Hannover is chiefly known for his work entitled Yeven Mezulah (יון מצולה, Venice, 1653; translated into English as Abyss of Despair in 1950). It describes the course of the Khmelnytsky Uprising in the Polish–Lithuanian Commonwealth from a Jewish perspective. Hannover in this work gives a brief description of the Polish Crown of the time and of the relations between the Poles, Jews and Cossacks, and the causes which led to the uprising. He also gives a very vivid picture of Jewish life in Poland and the yeshivot.
This work, owing to its literary value, was translated into Yiddish (1687), into German (1720), and into French by Daniel Levy (published by Benjamin II, Tlemçen, 1855). This last translation was revised by the historian J. Lelewel, and served as a basis for Meyer Kayserling's German translation (also published by Benjamin II, Hanover, 1863). Kostomarov, utilizing Salomon Mandelkern's Russian translation, gives many extracts from it in his Bogdan Chmielnicki (iii. 283-306).

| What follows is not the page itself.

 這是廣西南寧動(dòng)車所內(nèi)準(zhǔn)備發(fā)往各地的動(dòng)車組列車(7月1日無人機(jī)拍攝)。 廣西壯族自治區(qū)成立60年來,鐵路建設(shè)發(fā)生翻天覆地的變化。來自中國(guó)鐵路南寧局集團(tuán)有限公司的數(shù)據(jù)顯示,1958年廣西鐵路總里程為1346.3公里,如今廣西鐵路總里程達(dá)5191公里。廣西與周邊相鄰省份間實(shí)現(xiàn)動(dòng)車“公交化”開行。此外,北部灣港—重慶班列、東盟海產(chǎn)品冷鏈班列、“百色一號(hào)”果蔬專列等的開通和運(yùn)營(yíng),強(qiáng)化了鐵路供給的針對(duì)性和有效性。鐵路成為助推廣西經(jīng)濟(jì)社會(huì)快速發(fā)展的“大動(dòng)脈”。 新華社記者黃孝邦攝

In the late 20th century historians began to dispute the numbers given in Yeven Mezulah. They claim it overstates Jewish casualties during the Bohdan Khmelnytsky rebellion in 1648 and 1649. These authors question it as a reliable historical source in spite of its literary qualities. Yeven Mezulah was criticized in particular by Shaul Stampfer, Edward Fram, Paul Robert Magocsi's "Ukraine: A History", and Petro Mirchuk.

== Other works ==
Hannover's other works are:
- Ṭa'ame Sukkah, a homiletic explanation of the Feast of Tabernacles (Amsterdam, 1652)
- Safah Berurah, a dictionary of the Hebrew, German, Italian, and Latin languages, and arranged in Hebrew alphabetical order (Prague, 1660) – in a second edition, by Jacob Koppel ben Wolf (Amsterdam, 1701), French was included
- Sha'are Ẓiyyon, a collection of mystical prayers, religious customs, and ascetic reflections; it was taken chiefly from cabalistic works, and was very popular among the Eastern Jews. It appeared first in Prague in 1662, and enjoyed such popularity that it was several times reedited (see Benjacob, Oẓar ha-Sefarim, p. 604).

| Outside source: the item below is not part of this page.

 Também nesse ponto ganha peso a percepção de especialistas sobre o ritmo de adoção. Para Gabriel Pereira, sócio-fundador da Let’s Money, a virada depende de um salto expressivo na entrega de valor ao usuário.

- Reference is also made by Hannover in his books to the following three unpublished works:
  - Neṭa' Sha'ashu'im, homilies on the Pentateuch
  - Neṭa' Ne'eman, a cabalistic work
  - A commentary on the Otiyyot de R. Aḳiba.

== Jewish Encyclopedia bibliography ==
- Hannover, Sha'are Ẓiyyon, Preface;
- Moritz Steinschneider, Cat. Bodl. cols. 2044-2047;
- Julius Fürst, Bibl. Jud. i. 361.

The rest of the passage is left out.